Please check out this document on basement insulation systems. It's excellent.

http://www.buildingscience.com/documents/reports/rr-0202-basement-insulation-systems

I would not recommend using steel studs in the basement. If you really want to use them, limit their use to interior walls.

I'm just finishing up my basement insulation which was installed like this:

1) 1" R5 rigid foam glued/screwed/spray foamed to the concrete (chipped the form ridges off first to get best possible contact)
2) 2x4 SPF studs spaces 2.5" from the foam to allow for R20 batt fibreglass (foam gasket between the bottom plate and floor)
3) R20 fibreglass batt insulation
4) No vapour barrier as the rigid foam serves as a "thermal break" and adding vapour barrier would cause a "double vapour barrier" issue

Happy New Year


----------



## Bob Mariani (Dec 1, 2008)

why would you not use steel studs in any location other than where load bearing situations exist?


----------



## Reilley (Sep 4, 2008)

Bob Mariani said:


> why would you not use steel studs in any location other than where load bearing situations exist?


I didn't mention anything about load bearing situations.

I would not use them on exterior walls because basements have a high probability of getting wet and steel studs will rust.


----------



## ponch37300 (Nov 27, 2007)

Reilley...Steel studs are actually galvanized and supposed to resist rust and rot.


----------



## Reilley (Sep 4, 2008)

ponch37300 said:


> Reilley...Steel studs are actually galvanized and supposed to resist rust and rot.


I don't have any personal experience with steel studs. However I won't argue with Mike Holmes, he seems to know what he's talking about. I pulled my advice from one of his basement episodes.

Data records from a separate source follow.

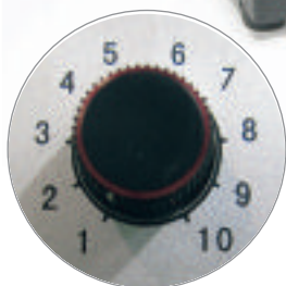
Variable Temperature Scale
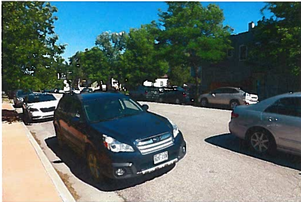
6/13/17 4:00PM NE Corner of Dale and Weber
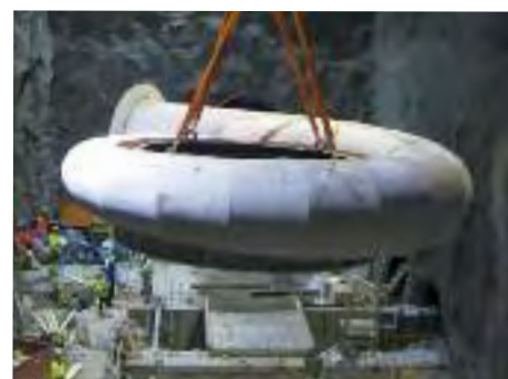
6 x 130 MW, Kárahnjúkar, Iceland
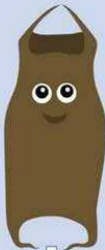
BLUE SKATE Dipturus batis
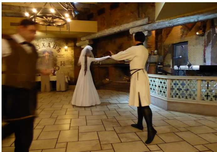
Then came the dancers.
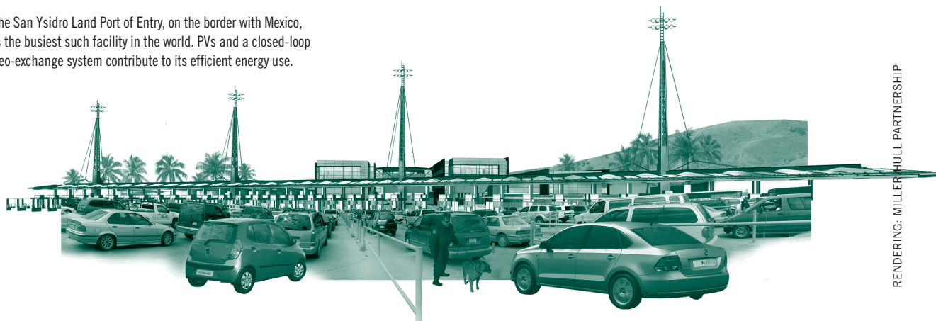
RENDERING: MILLER HULL PARTNERSHIP

The San Ysidro Land Port of Entry, on the border with Mexico, is the busiest such facility in the world. PVs and a closed-loop geo-exchange system contribute to its efficient energy use.
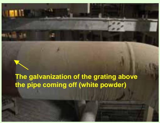
11. Galvanization of the grating coming off (white powder) (Photo taken on April 17, 2012)

My car is galv, it's rusting. The water pipes I just removed from my basement were galv too and they were corroded.


----------



## Bob Mariani (Dec 1, 2008)

I have used steel studs for over 18 years. Never a call back. I also have stored steel studs in stock of many years. Never will they rust. BUT... wood will rot with the moisture. Wood warps, rots, splits and is never straight... So really now, what is better for a moist condition.


----------



## bjbatlanta (Jul 16, 2008)

I've been in the drywall trades for over 35 yrs. and metal studs WILL rust! It may take them getting wet for an extended period of time, but they'll rust. Metal studs are for commercial application mainly. I always use wood when framing basements. I would apply the moisture barrier by stapling to the bottom plate for the exterior walls, let it drape to the floor and under the bottom plate of your basement walls, then frame with wood (hand pick it to be sure it's straight). Add your R-13, glue and nail/screw your drywall. You can't glue if the vapor barrier is over the studs. Glue reduces the chance of fasteners popping, reduces the number of fasteners needed, and keeps your walls from rattling. If you have a basement with a "moist condition", that needs to be addressed first. Vapor barrier should only be for the unforseen future problem that COULD develop. You need to start with completely dry walls....


----------